* [Your objective]: Use the entries below and reproduce exactly the lines from the one containing "Samochód w kolorze" down to the one containing "3.Check continuity between", both of them included.

* [Provided data]:
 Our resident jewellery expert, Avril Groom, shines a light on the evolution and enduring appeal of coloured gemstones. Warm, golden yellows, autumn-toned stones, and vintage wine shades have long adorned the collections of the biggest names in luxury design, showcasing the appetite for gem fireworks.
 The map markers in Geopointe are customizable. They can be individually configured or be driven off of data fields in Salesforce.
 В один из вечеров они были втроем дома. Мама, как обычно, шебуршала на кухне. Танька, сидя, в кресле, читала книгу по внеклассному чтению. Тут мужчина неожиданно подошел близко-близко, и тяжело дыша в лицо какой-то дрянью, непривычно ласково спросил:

* * *

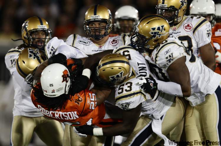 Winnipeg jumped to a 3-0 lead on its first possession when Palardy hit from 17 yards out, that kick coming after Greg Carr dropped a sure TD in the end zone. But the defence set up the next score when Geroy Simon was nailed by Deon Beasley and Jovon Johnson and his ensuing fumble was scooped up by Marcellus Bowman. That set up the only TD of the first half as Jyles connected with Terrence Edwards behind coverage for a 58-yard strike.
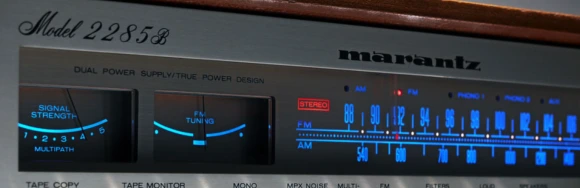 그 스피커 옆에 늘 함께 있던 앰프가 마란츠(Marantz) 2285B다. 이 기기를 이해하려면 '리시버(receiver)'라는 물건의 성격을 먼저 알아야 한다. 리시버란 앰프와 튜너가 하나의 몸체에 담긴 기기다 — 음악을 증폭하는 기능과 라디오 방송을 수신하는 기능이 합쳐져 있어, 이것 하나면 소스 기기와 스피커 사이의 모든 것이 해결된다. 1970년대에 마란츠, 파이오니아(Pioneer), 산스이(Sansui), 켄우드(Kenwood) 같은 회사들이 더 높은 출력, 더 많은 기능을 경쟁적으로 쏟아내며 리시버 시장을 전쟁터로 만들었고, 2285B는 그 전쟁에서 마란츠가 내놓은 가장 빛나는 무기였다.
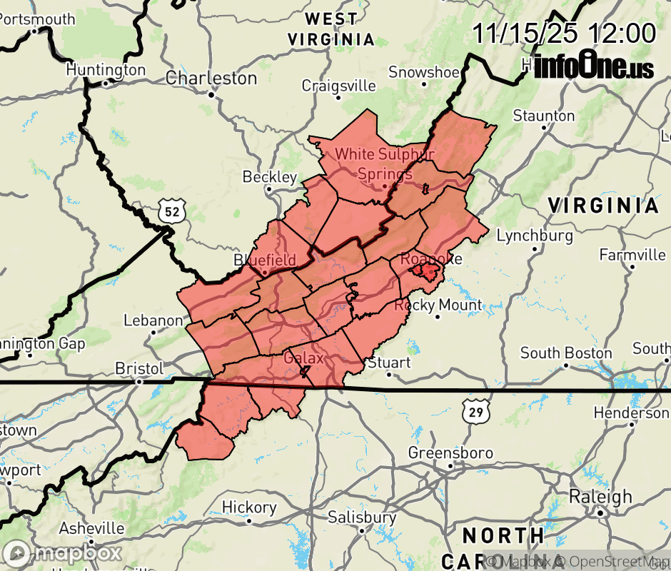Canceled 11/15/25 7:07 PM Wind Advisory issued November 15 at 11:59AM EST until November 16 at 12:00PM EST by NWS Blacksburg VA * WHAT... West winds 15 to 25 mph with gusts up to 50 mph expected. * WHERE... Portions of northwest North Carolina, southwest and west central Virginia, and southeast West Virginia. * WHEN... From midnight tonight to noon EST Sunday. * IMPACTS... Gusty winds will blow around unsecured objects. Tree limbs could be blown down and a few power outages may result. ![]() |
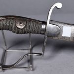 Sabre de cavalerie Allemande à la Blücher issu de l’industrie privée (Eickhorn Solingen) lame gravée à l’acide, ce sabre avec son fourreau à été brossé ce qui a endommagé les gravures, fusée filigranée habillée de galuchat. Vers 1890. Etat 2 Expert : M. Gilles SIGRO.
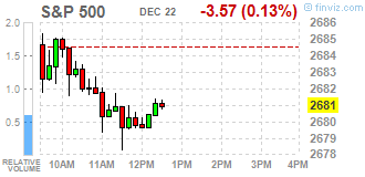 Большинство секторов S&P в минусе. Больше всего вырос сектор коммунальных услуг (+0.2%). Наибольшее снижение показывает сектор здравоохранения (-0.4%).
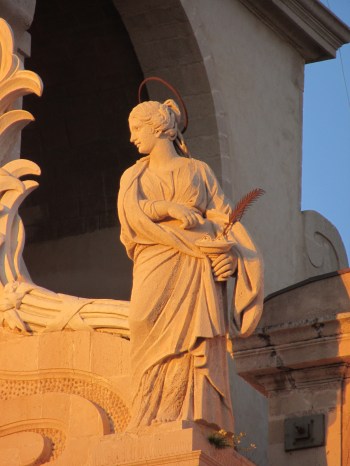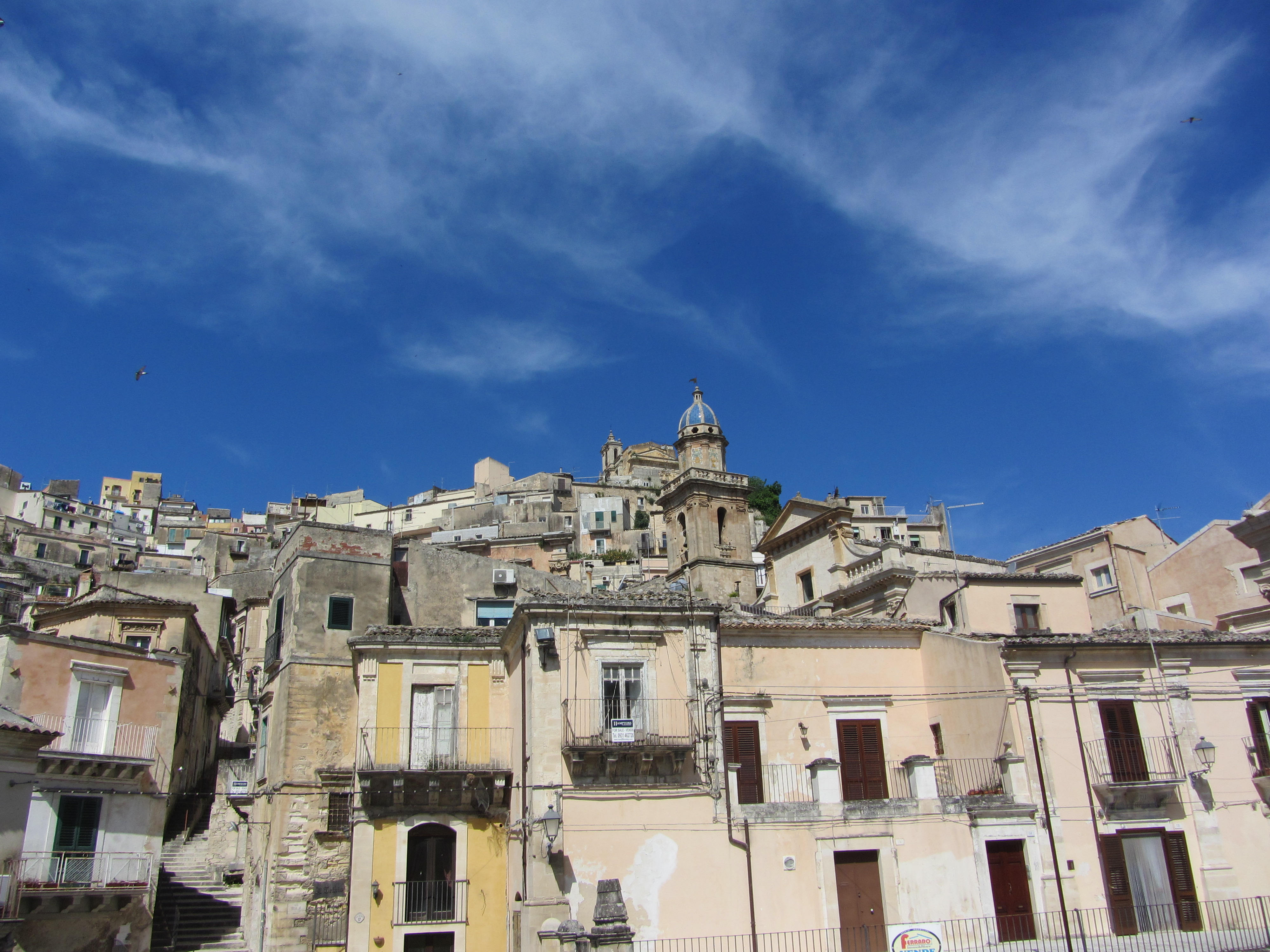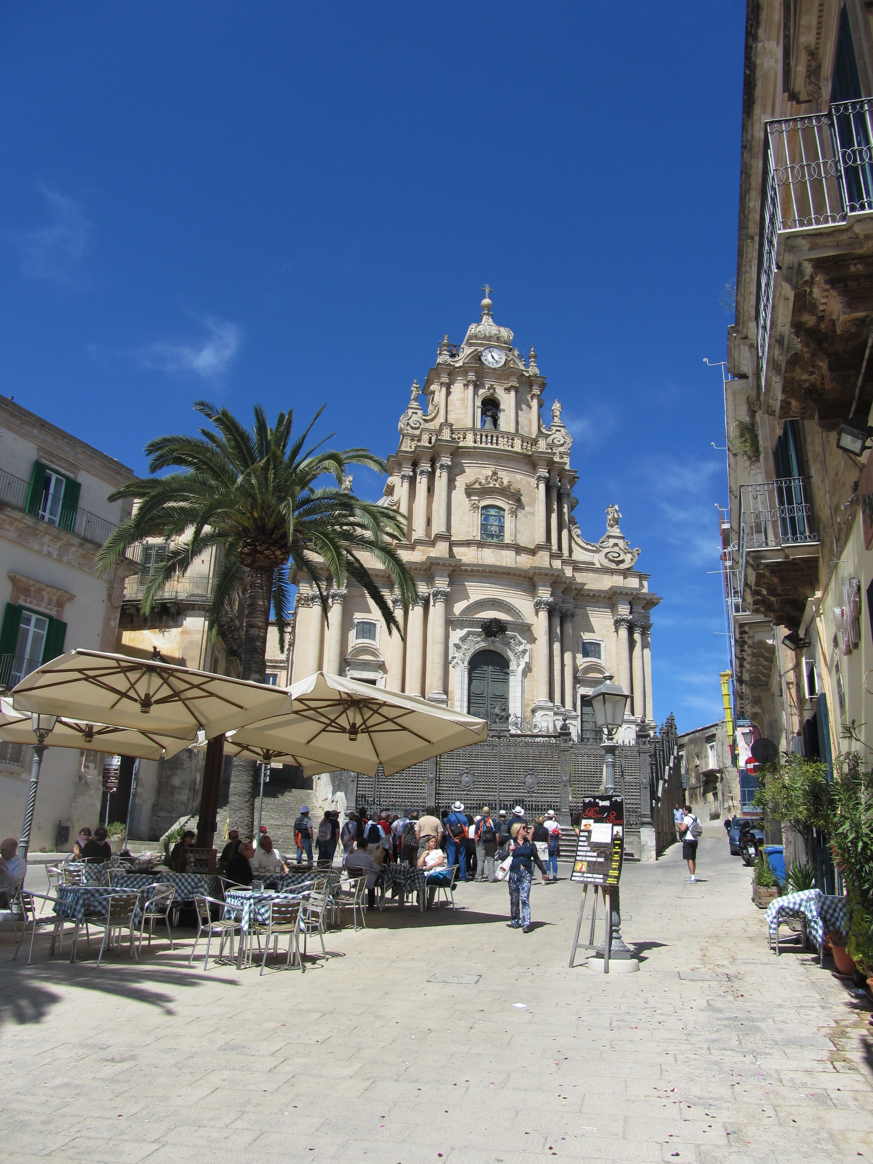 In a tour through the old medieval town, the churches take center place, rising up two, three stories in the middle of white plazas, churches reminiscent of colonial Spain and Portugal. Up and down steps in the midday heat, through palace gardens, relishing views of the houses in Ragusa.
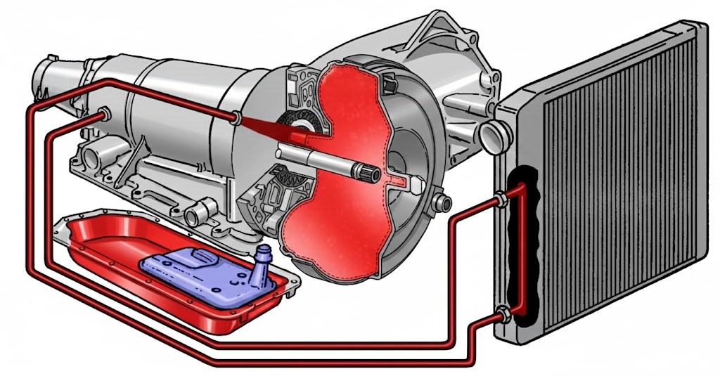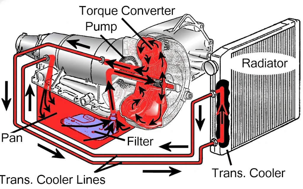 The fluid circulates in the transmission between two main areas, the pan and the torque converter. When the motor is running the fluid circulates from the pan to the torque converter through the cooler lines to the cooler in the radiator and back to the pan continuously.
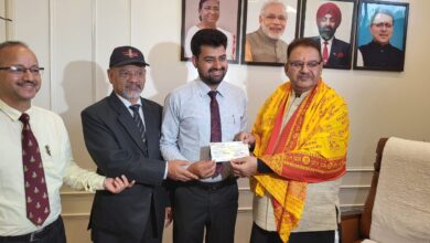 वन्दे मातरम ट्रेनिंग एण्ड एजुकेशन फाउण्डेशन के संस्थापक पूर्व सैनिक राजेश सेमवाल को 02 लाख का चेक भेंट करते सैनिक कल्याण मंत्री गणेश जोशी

* * *

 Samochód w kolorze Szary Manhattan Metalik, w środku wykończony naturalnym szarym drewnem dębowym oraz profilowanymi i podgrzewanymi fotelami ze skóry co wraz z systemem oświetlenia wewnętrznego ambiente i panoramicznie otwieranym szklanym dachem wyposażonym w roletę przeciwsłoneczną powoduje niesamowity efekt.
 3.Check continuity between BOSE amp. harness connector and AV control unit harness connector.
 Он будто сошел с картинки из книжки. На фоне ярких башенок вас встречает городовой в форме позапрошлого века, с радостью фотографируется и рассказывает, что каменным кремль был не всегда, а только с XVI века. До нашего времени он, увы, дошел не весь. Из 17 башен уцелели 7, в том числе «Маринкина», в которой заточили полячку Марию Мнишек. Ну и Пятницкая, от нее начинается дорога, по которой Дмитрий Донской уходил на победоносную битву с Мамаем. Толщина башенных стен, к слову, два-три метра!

* [Worked solution]:
 Samochód w kolorze Szary Manhattan Metalik, w środku wykończony naturalnym szarym drewnem dębowym oraz profilowanymi i podgrzewanymi fotelami ze skóry co wraz z systemem oświetlenia wewnętrznego ambiente i panoramicznie otwieranym szklanym dachem wyposażonym w roletę przeciwsłoneczną powoduje niesamowity efekt.
 3.Check continuity between BOSE amp. harness connector and AV control unit harness connector.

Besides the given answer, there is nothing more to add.